# Collar lights/Light up collars?



## Kris Dow (Jun 15, 2008)

In the summer, we often walk the dogs after it's dark, because it's cooler. In the winter, it gets dark pretty early, so again, often walking at night. Pirate is mostly black. Can you see a potential problem? 

I do walk him on a long line a lot of the time, so he's not scampering around willy-nilly, but I would also like to improve his visibility, both so it's a little easier for me to keep track of exactly where he is, and also so if he was to get loose or a car come up on us unexpectedly (some of our local streets don't have sidewalks) he'll be more likely to be seen.

I got a Visiglo collar for him about 3 weeks ago, and put fresh batteries in it, but it's died already. I'm a bit unimpressed with the performance, and I'm wondering if there's a better option. 

Does anyone have any experience with light up collars or clip on collar lights or other methods of increasing visibility? I don't mind at all something that has to be put on before a walk and removed afterwards, rather than staying on him at all times, as long as it's a relatively quick process.


----------



## Nancy Jocoy (Apr 19, 2006)

The auroralites collar goes a long time on a battery but the batteries are expensive and I don't like the batter pouch but it is about the brightest thing out there.


----------



## Howard Knauf (May 10, 2008)

A local pet conglomerate donated a basket of stuff to our handlers. Inside was a clip on globe that had an on/off switch which caused the globe to blink and was very visible. We used them when doing off lead area searches at night to keep tabs on the dogs. They worked pretty good, especially for free. I don't think they were that expensive to begin with though.

Howard


----------



## Jennifer Coulter (Sep 18, 2007)

A recent thread on the subject:

http://www.workingdogforum.com/vBulletin/f30/lighted-dog-collar-ratings-7329/


----------



## Terry Fisk (Jul 26, 2007)

I have a clip on devise on my agility leash (because I drop it in the grass and can't find the darn thing, sucks to get old and blind) called a Pet Blinker here is an example http://www.worldpetstore.com/petblinkers.html


----------



## Kris Dow (Jun 15, 2008)

Jennifer Coulter said:


> A recent thread on the subject:
> 
> http://www.workingdogforum.com/vBulletin/f30/lighted-dog-collar-ratings-7329/


You know, I even READ that thread. Duh.

Sorry for the brain dead moment.


----------



## James Larkey (Sep 2, 2007)

Kris Dow said:


> Does anyone have any experience with light up collars or clip on collar lights or other methods of increasing visibility?

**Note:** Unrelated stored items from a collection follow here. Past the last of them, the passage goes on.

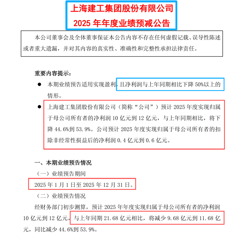 近期,上海建工、陕西建工等顶级建工集团发布了2025年度业绩公告;
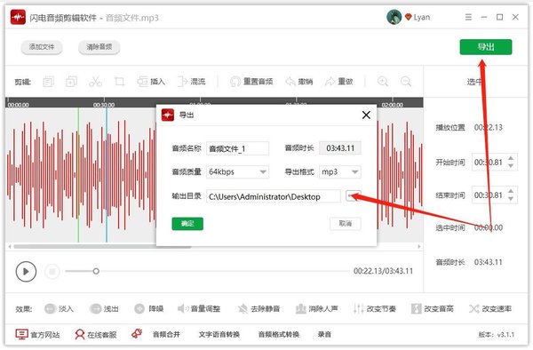 得到以下提示按钮,说明编辑好的音频已经成功导出!
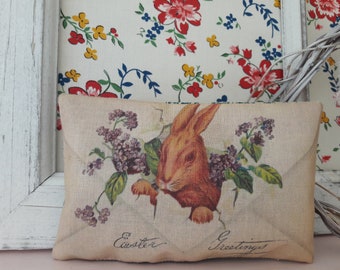 Easter bunny postcard fabric fragranced sachet, Easter greetings gift, bunny gift, lavender sachet, hand printed fabric, Easter bunny gift
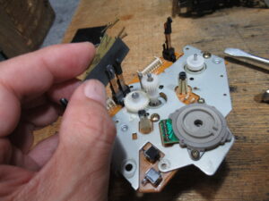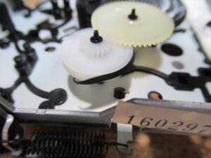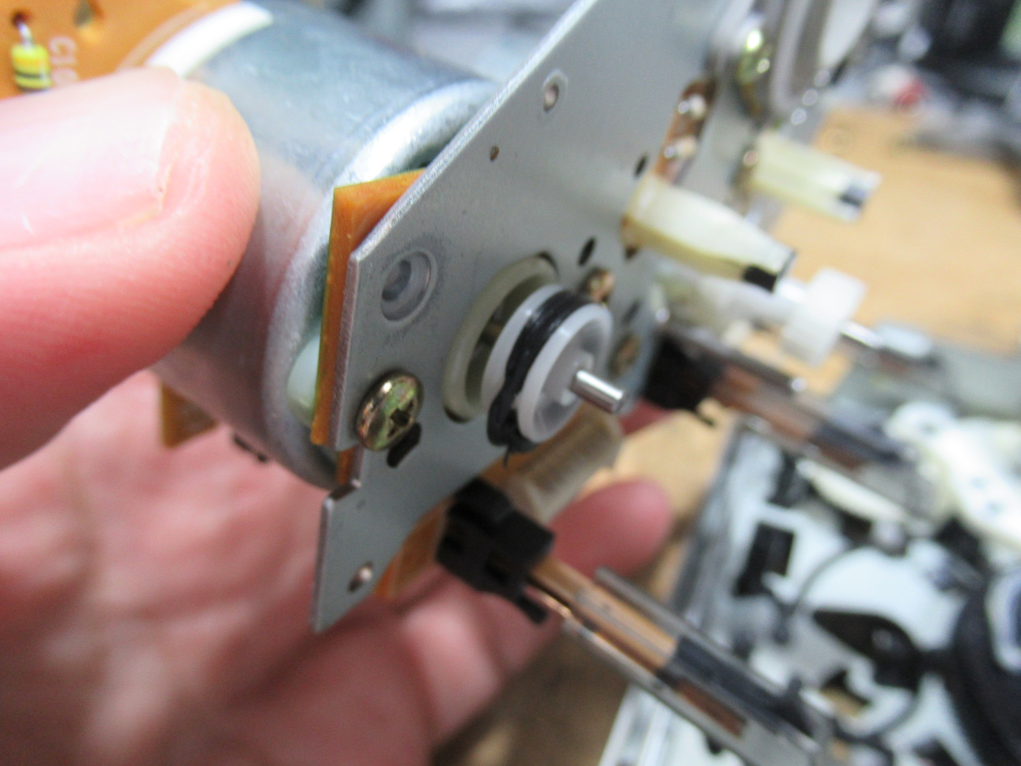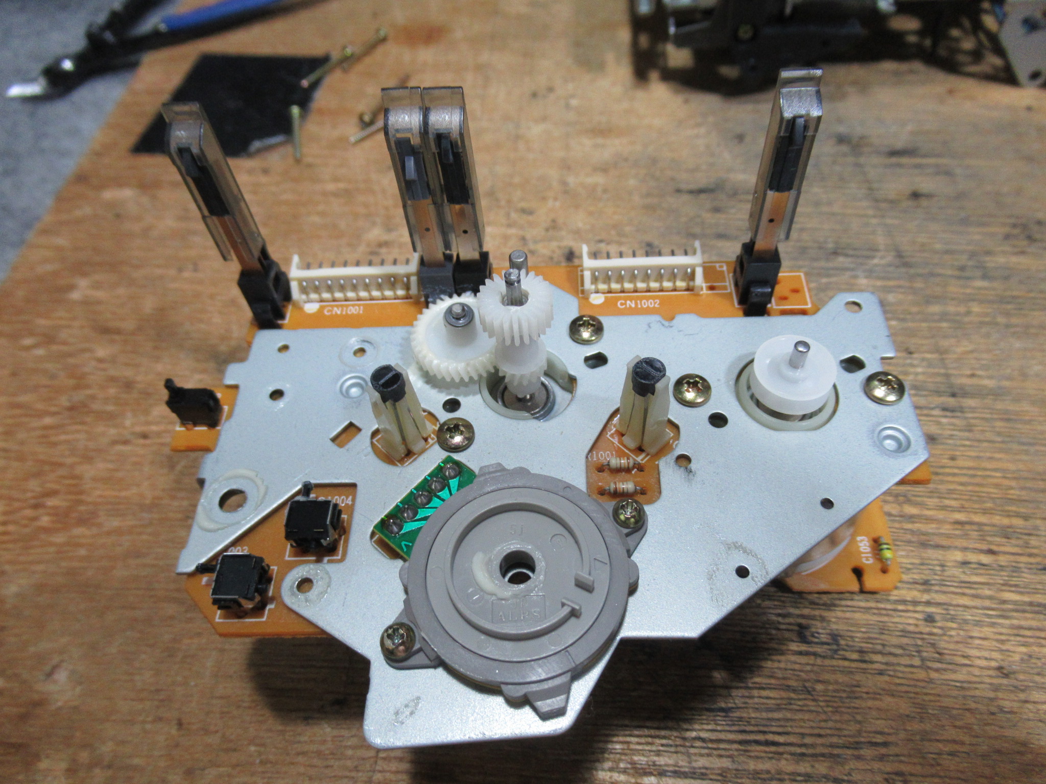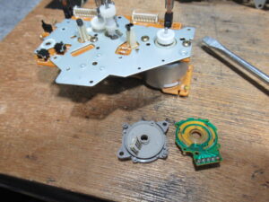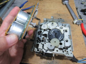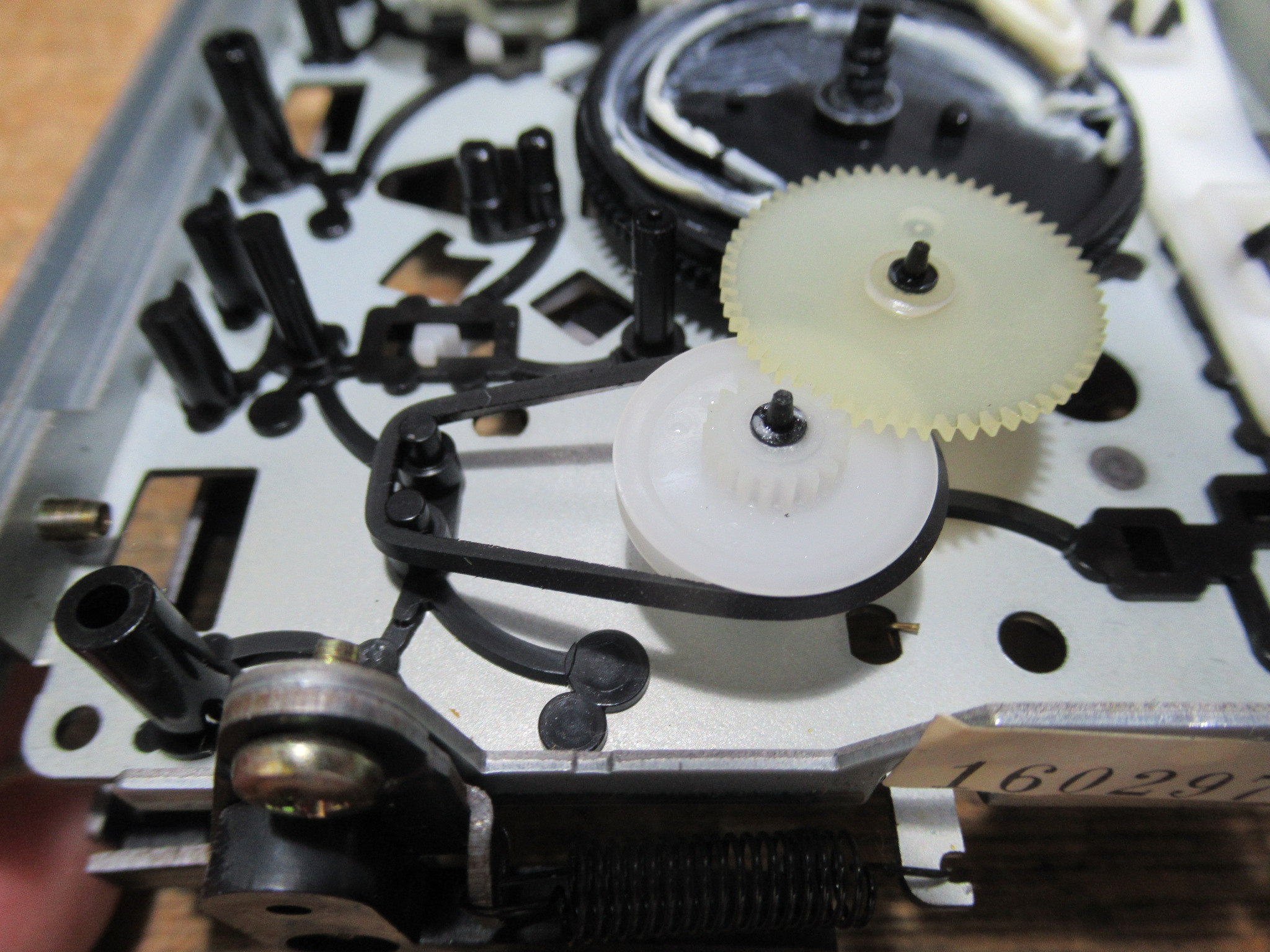 フロント部を分解します。モードベルトが溶けて、プーリーに付着しています。
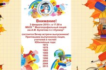 Внимание!3 февраля 2018 г. в 16.30 в МБОУ " Многопрофильный лицей им.А.М. Булатова п.г.т.Кукмор" состоится Вечер встречи выпускников!Приглашаем выпускников лицея, учителей и гостей!Юбилейные года:197319781983198819931998200320082013 -
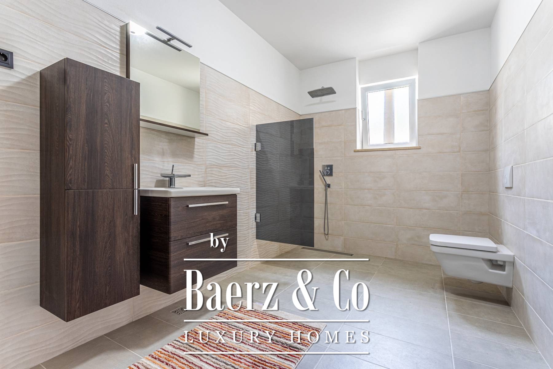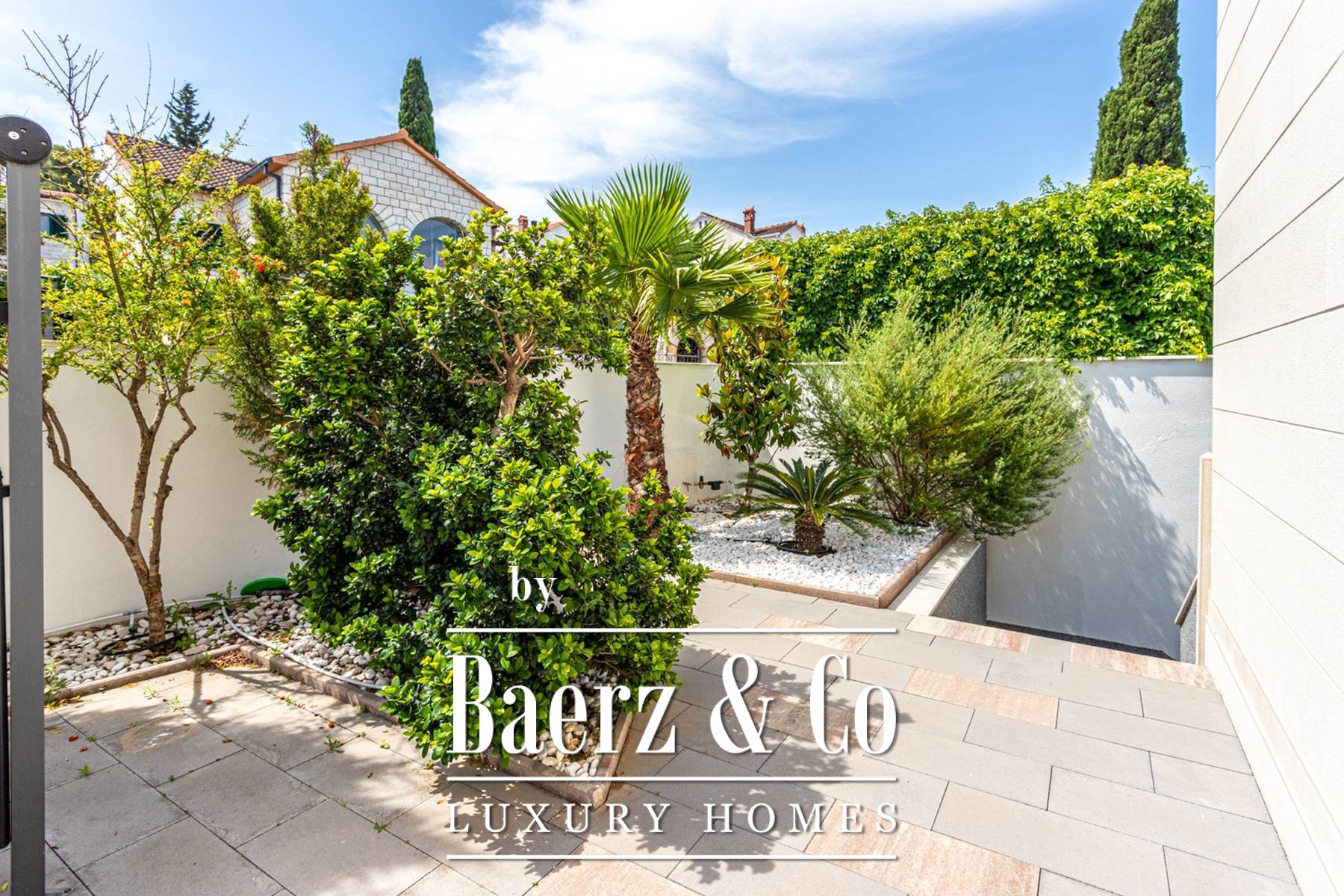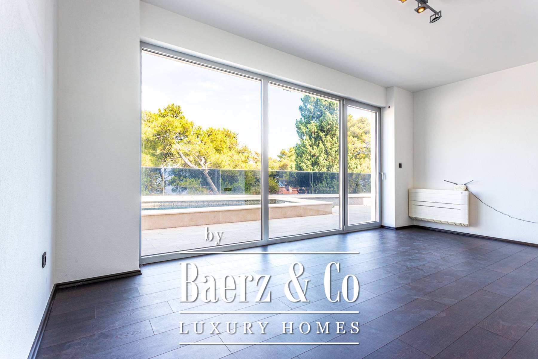 Brac, an elegant villa located in a small, romantic fishing village on the north side of the island of Brac. It is characterized by simplicity and quality.It spreads over three floors, NKP of 337.25 m2, with a garden of 290 m2. It has a total of 4 bedrooms, 4 bathrooms, living room, kitchen and dining room.Since the building is on slightly sloping ground, that is, the first floor is at the level of the street, the main entrance into the house is there. On a side of the building there are stairs leading down from the upper terrace to the lower one, swimming pool and side entrance to the basement of the building. In the basement, there are a spacious hall, two apartments with bathrooms for guests and a drawing room from which inner stairs lead from the basement to the the first i.e. medium floor (mezzanine). At medium (mezzanine) floor there is a very spacious living room (app 80 m2). There is also a reception hall and a toilette for guests. From the first, medium floor, very wide steps lead to the second and last floor. Considering that relaxation and good sleep are essential in human life, the building investors have paid special attention to bedrooms
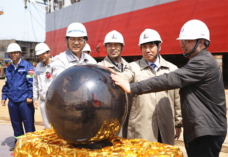 5月2日上午10:58分,中集來福士為中石化勝利石油工程有限公司建造的自升式鉆井平臺“新勝利一號”在公司碼頭舉行了隆重的下水儀式。中石化勝利石油工程有限公司相關領導出席了儀式。
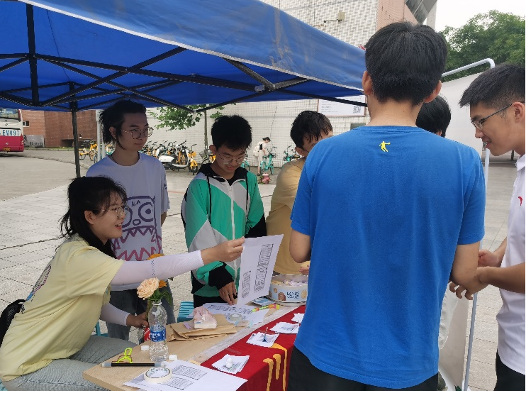 活动正式开始后,来往同学们对本次活动产生浓厚的兴趣,积极参与,纷纷来到摊位了解活动内容。在此次“校园寻宝活动”中,工作人员邀请同学们参与“青年大学习”的趣味问答,同学们根据实际情况选取不同难度的题目并回答,答题结束后,志愿者们向同学们讲述“共青团小知识”,并赠予同学们“校园藏宝图”,在江安校区奔跑寻找散落的奖品,现场气氛十分火热。

I don't mind at all something that has to be put on before a walk and removed afterwards, rather than staying on him at all times, as long as it's a relatively quick process.


Hey Kris,

This alternative leather belt material is now available in Flourescent Orange with a 3M Reflective tape embedded and even better...Green Glow in the Dark! Ten minutes under a flourescent light and the material will glow for up to eight hours and still be visible in the woods! This material has many advantages over leather. 

Here are some pics of the material....








I was considering making collars and leashes from this material myself for my training clients and possibly a couple local pet stores. They all LOVE the leashes I have on sight and this new material would make GREAT collars. If I order the material and make some, I can send you a PM. I don't know of anybody else right now that makes them except in the standard black or a few other basic colors.


----------



## Kris Dow (Jun 15, 2008)

James Larkey said:


> I was considering making collars and leashes from this material myself for my training clients and possibly a couple local pet stores. They all LOVE the leashes I have on sight and this new material would make GREAT collars. If I order the material and make some, I can send you a PM. I don't know of anybody else right now that makes them except in the standard black or a few other basic colors.


Please do let me know, that looks fantastic. No fiddling with batteries!  Depending on price, I might be interested in at least one 6'+ leash, and probably two collars.


----------



## Jennifer Coulter (Sep 18, 2007)

James Larkey said:


> Hey Kris,
> 
> This alternative leather belt material is now available in Flourescent Orange with a 3M Reflective tape embedded and even better...Green Glow in the Dark! Ten minutes under a flourescent light and the material will glow for up to eight hours and still be visible in the woods! This material has many advantages over leather.
> 
> ...


I have this collar which seems to be made of the orange material you have shown:

http://www.gundogsupply.com/k-9-komfort-standard-1--reflector-w--dee.html

Comes with a center saftey ring version as well:
http://www.gundogsupply.com/k-9-komfort-center-ring-1--reflector-w--dee.html

I like the material as well. I have not seen the glow one before. If it really glows that well after such a short time in the light it would be good. I could always be convinced to buy another peice of dog gear!!!


----------



## James Larkey (Sep 2, 2007)

Jennifer Coulter said:


> I have this collar which seems to be made of the orange material you have shown:
> 
> http://www.gundogsupply.com/k-9-komfort-standard-1--reflector-w--dee.html
> 
> ...


Looks similar, but, I believe it is a different belt material. The company that makes the belting shown in the pic I posted is the first and one of few to actually hot weld the 3M tape directly to the belt. The 3M reflective tape used is of the highest quality and will show up in the woods at over 100 yards. Also, the belt material is far superior in strength and quality to similar products. The belt material is the same as the alternative leather material I use for leashes, but, with a smooth, glossy and slightly harder finish.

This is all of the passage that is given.